# Guess how many puppies.



## Sivaro (Sep 19, 2008)

Jessi is due on Friday by the first mating. 

How many puppies do you think she will have? You can even try to guess the colours. Hint, mum is black, dad is black/blue. Mums dad is white, dads dad is white. Mostly white and black breeding. And to get really tricky, you can try to guess all this with the sexes.

This is mum running and dad stacking


----------



## Sivaro (Sep 19, 2008)

Whoops clicked post before pics


----------



## Pamela (Sep 9, 2008)

awwwww so dear!
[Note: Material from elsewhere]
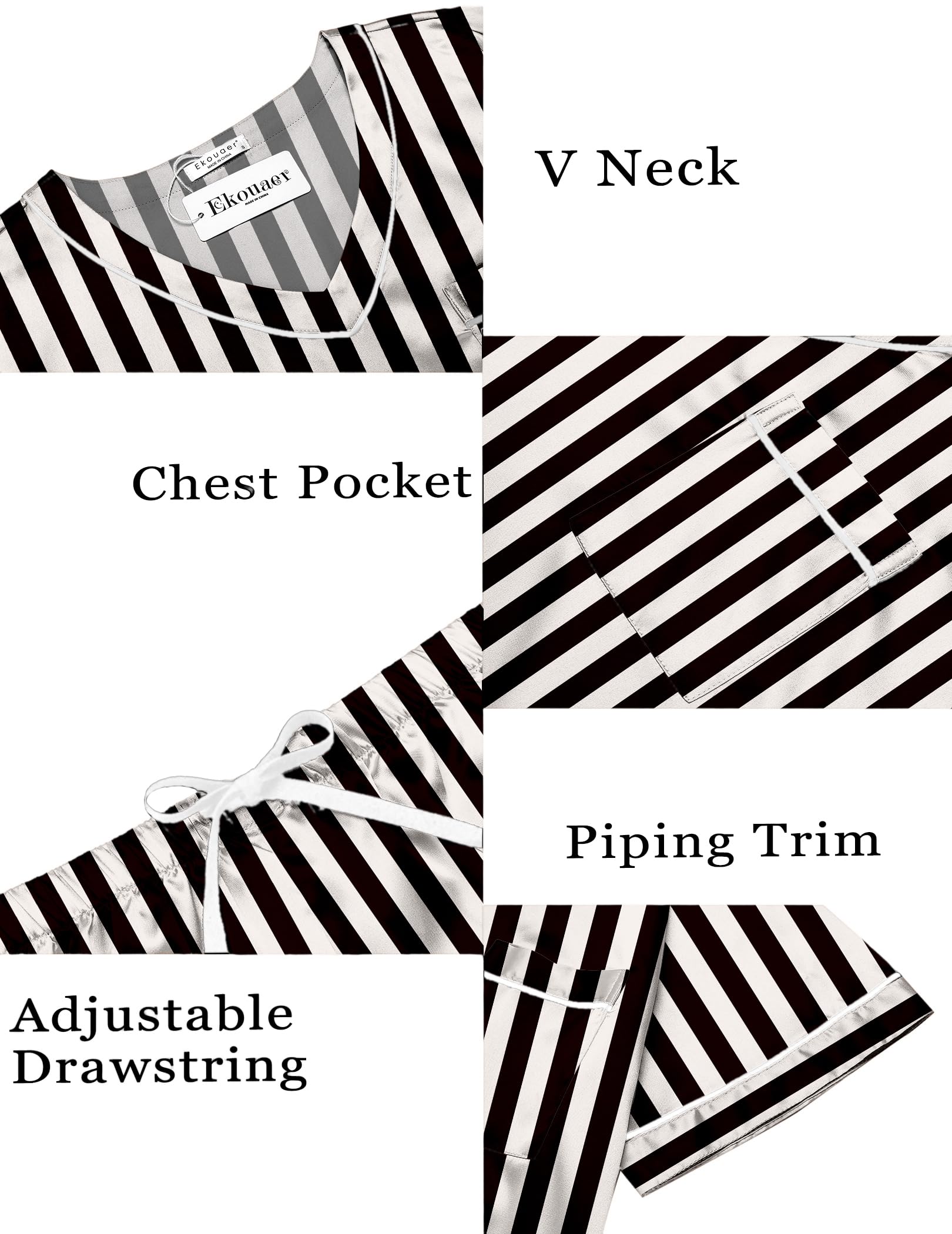 Kindly Remind: Ekoauer silk satin pajamas set are luxuriously stylish & soft to the touch! Washable with laundry bag or similar color clothing. Do not bleach,dry low.Gently press with a warm iron to modify packaging wrinkles before first time wear

I will guess 3 - 2 boys and a girl all black. lol never did this before!


----------



## Pamela (Sep 9, 2008)

watch - she'll probably have six! lol


----------



## spoofan (Dec 11, 2008)

My guess is 4.


----------



## MakeShift Heart (May 2, 2009)

i'm gonna guess 3-5


----------



## Purple Poodle (May 5, 2008)

I'm gonna say 5: 3 male 2 female, 2 white 3 black.


----------



## Sivaro (Sep 19, 2008)

Im thinking 4 like last litter. 2 whites, 2 blacks, 3 girls one boy


----------



## WonderPup (Oct 26, 2008)

I'm going to say 3-4 no guess on color or sex... I always leave that up to the puppy gods. Although I have been known to rub my girls tummy's whispering "black and tan, black and tan, black and tan.... " LOL


----------



## FUZBUTZ (Aug 23, 2008)

My guess is 4. 2 girls and 2 boys. 3 black, 1 white. Do we win one of your pups if we are right? LOL


----------



## passion4poodles (Apr 11, 2009)

FUZBUTZ said:


> My guess is 4. 2 girls and 2 boys. 3 black, 1 white. Do we win one of your pups if we are right? LOL


LMAO!!!!!! That was my thought exactly!!!!!!! OMG great minds right!!!! Ok, so You are probably right Siv, but I am going to guess 5 2 male 3 female and 1 blue, 3 blacks 1 white. I really have no Idea but seemed like a good guess LOL!


----------



## Sivaro (Sep 19, 2008)

FUZBUTZ said:


> My guess is 4. 2 girls and 2 boys. 3 black, 1 white. Do we win one of your pups if we are right? LOL


bahahahaha, ound: I wish I could


----------



## Sivaro (Sep 19, 2008)

passion4poodles said:


> LMAO!!!!!! That was my thought exactly!!!!!!! OMG great minds right!!!! Ok, so You are probably right Siv, but I am going to guess 5 2 male 3 female and 1 blue, 3 blacks 1 white. I really have no Idea but seemed like a good guess LOL!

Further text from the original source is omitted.